● SUPPLIED DATA:
▼

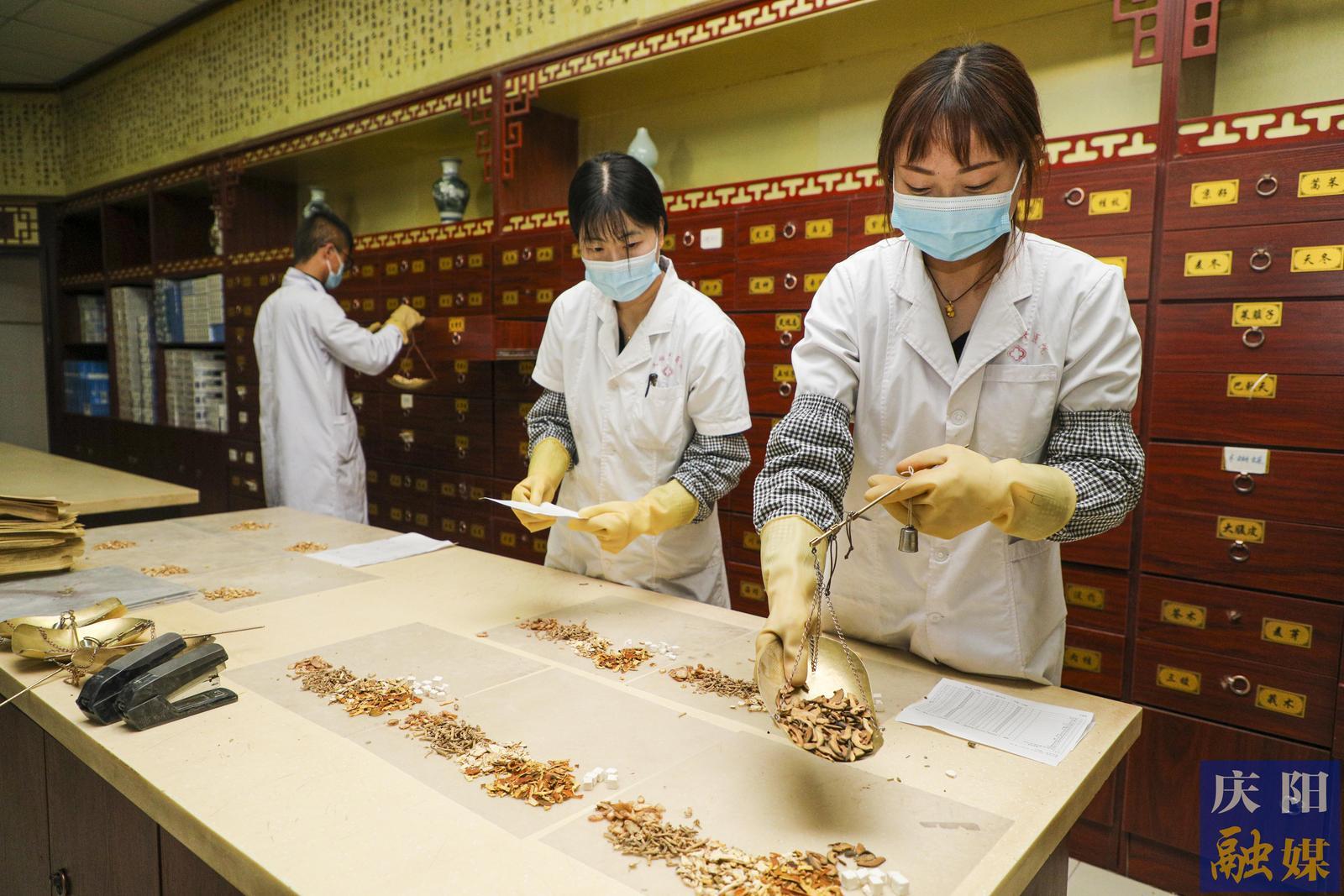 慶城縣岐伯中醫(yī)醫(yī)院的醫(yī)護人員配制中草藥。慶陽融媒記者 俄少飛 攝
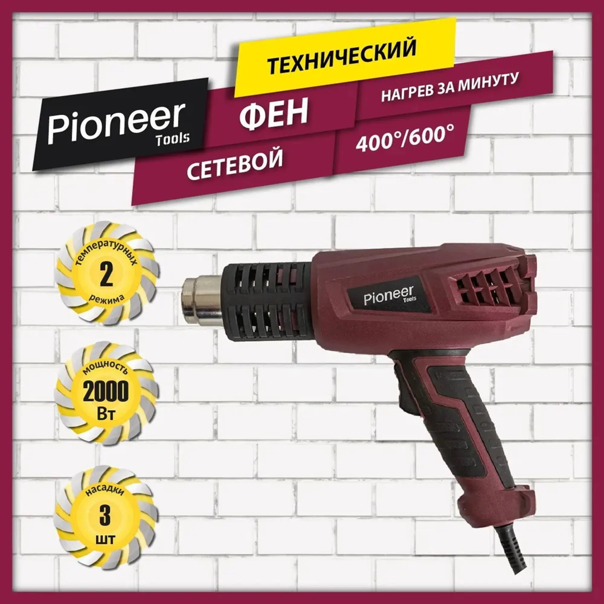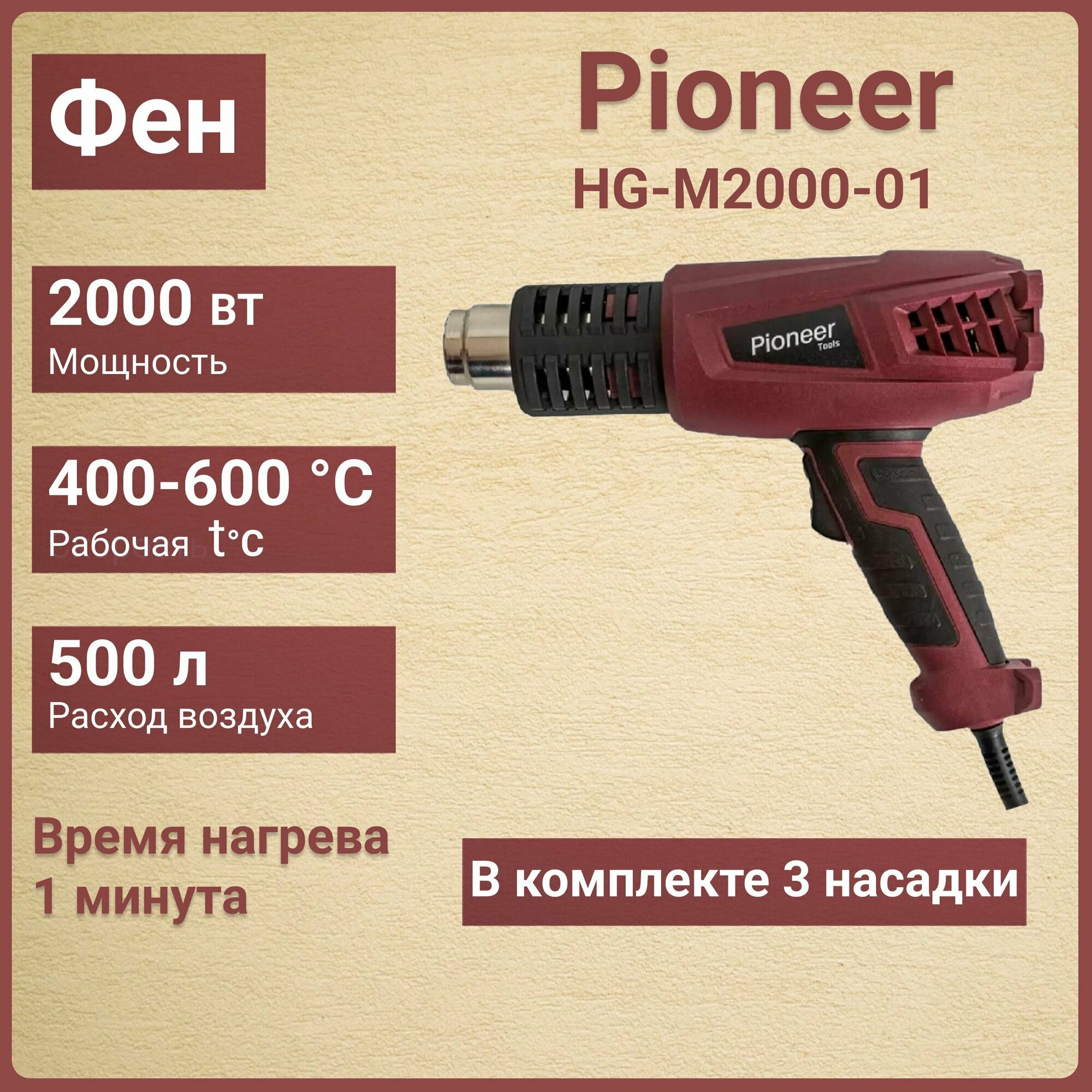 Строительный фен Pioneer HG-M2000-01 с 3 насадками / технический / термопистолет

▲
▼

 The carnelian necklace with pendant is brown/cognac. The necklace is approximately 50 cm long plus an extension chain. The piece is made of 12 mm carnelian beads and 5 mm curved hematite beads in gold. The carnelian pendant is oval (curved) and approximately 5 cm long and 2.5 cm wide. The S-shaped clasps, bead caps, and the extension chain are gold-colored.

▲
▼

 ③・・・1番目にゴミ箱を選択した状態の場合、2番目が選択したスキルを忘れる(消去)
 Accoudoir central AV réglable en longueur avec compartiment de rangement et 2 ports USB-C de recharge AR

▲

Excluding any pictures, print exactly the lines of the listing above from the line with "慶城縣岐伯中醫(yī)醫(yī)院的醫(yī)護人員配制中草藥。慶陽融媒記者 俄少飛 攝" to the line with "Строительный фен Pioneer", both ends included.

 慶城縣岐伯中醫(yī)醫(yī)院的醫(yī)護人員配制中草藥。慶陽融媒記者 俄少飛 攝
 Строительный фен Pioneer HG-M2000-01 с 3 насадками / технический / термопистолет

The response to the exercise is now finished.